The Corner

Terry McAuliffe: The Last Gasp of the Clinton Legacy

Former President Bill Clinton embraces then Democratic nominee for Virginia governor Terry McAuliffe during a campaign event in Dale City, Va., October 27, 2013. (Jonathan Ernst/Reuters)

McAuliffe’s potential defeat tonight would not just mean closing the book on the era of the Clintons; it would put the book on the shelf to collect dust.

Sign in here to read more.

It’s easy to forget that Terry McAuliffe’s role in elected office in Virginia is almost entirely because of his past relationship with Bill and Hillary Clinton. His connection to the Clintons is, in the words of the Washington Post, “a friendship as close as family.” McAuliffe was co-chairman of President Bill Clinton’s 1996 reelection campaign, chairman of the Democratic National Committee from 2001 to 2005, and chairman of Hillary Clinton’s 2008 presidential campaign. As governor, McAuliffe threw himself into the role of campaign surrogate for Hillary in 2016. Bill Clinton is still holding fundraisers for McAuliffe in 2021.

Being a friend or former team member of the Clintons hasn’t always paid big dividends at the ballot box. Only a handful of figures in Clinton’s inner circle and cabinet succeeded in their bids for office — and the ones who won often encountered their own scandals.

Former chief of staff Erskine B. Bowles lost Senate races in North Carolina in 2002 and 2004. Former Labor secretary Robert Reich lost in the Massachusetts gubernatorial primary in 2002. The late former attorney general Janet Reno ran for governor of Florida in 2002 but lost in the primary.

Former Health and Human Services secretary Donna Shalala was elected to a Florida congressional seat in 2018, but lost in 2020.

Former Energy secretary Bill Richardson did win two terms as governor of New Mexico, but withdrew from consideration to be Barack Obama’s Secretary of Commerce, citing the distraction of a federal investigation into ties to a company that has done business with his state. Rahm Emanuel was elected to the U.S. House of Representatives and had enjoyed two tumultuous terms as mayor of Chicago, and is President Biden’s nominee to be ambassador to Japan. And then there’s former Housing and Urban Development secretary Andrew Cuomo; you probably noticed the ignoble end to his career in elected office.

Beyond Emanuel, the Clinton crowd is largely gone from American policymaking. Bill and Hillary Clinton are now afterthoughts in the Democratic Party of 2021. Hillary Clinton is the one candidate in the entire world to lose to Donald Trump in a general election, and Bill Clinton’s sordid escapades look irredeemable in the cold harsh light of the #MeToo movement. You still see Al Gore, Madeleine Albright, James Carville, and other figures from that era quoted here and there, but they’re largely in the metaphorical retirement home of American politics.
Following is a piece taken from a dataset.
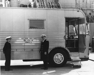 | Keywords: blackandwhite monochrome outdoor black and white Rear Admiral J.L. Yon, Medical Corps, U.S. Navy, now retired (right) and Captain W.P. Arentzen, Medical Corps, U.S. Navy (now Rear Admiral and successor to Rear Admiral Yon), left, stand before the Naval Regional Medical Center Mobile Optical van dedicated in February 1972. The van contains a screening room and 20-foot eye lane, with Titmus vision tester for screening eye chair and stand, phoropter, projector and screen, lensometer and hard instruments. The van can be stationed near a ship to accommodate personnel requiring eye examinations and can be used for dependents at more remote dispensaries without an assigned optometrist. The van will be manned by a hospital corpsman and Naval Regional Medical Center optometrists (on a rotating basis).[Automobiles.][Hospitals.][Scene.] Portsmouth, Virginia 04/1972; U.S. Navy Medicine. 09-5048-022 Rear Admiral J.L. Yon, Medical Corps, U.S. Navy, now retired (right) and Captain W.P. Arentzen, Medical Corps, U.S. Navy (now Rear Admiral and successor to Rear Admiral Yon), left, stand before the Naval Regional Medical Center Mobile Optical van dedicated in February 1972. The van contains a screening room and 20-foot eye lane, with Titmus vision tester for screening eye chair and stand, phoropter, projector and screen, lensometer and hard instruments. The van can be stationed near a ship to accommodate personnel requiring eye examinations and can be used for dependents at more remote dispensaries without an assigned optometrist. The van will be manned by a hospital corpsman and Naval Regional Medical Center optometrists (on a rotating basis).[Automobiles.][Hospitals.][Scene.] Portsmouth, Virginia 04/1972; U.S. Navy Medicine. 09-5048-022 |
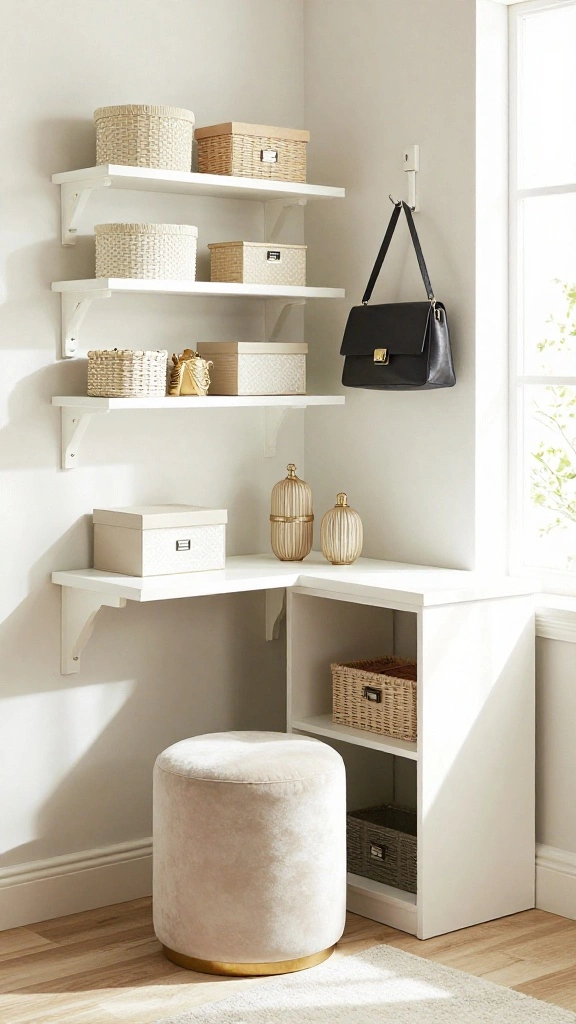 Select chic storage options to keep your items organized while complementing the overall decor.

Monica Lewinsky turned 48 this past July and George Stephanopoulos is still an anchor at ABC News, but by and large, the Clinton era of American politics is over, as dated as Windows 95, the Macarena, the sound of dial-up Internet, and “Mambo No.5.”

McAuliffe’s defeat tonight would not just mean closing the book on the era of the Clintons; it would put the book on the shelf to collect dust.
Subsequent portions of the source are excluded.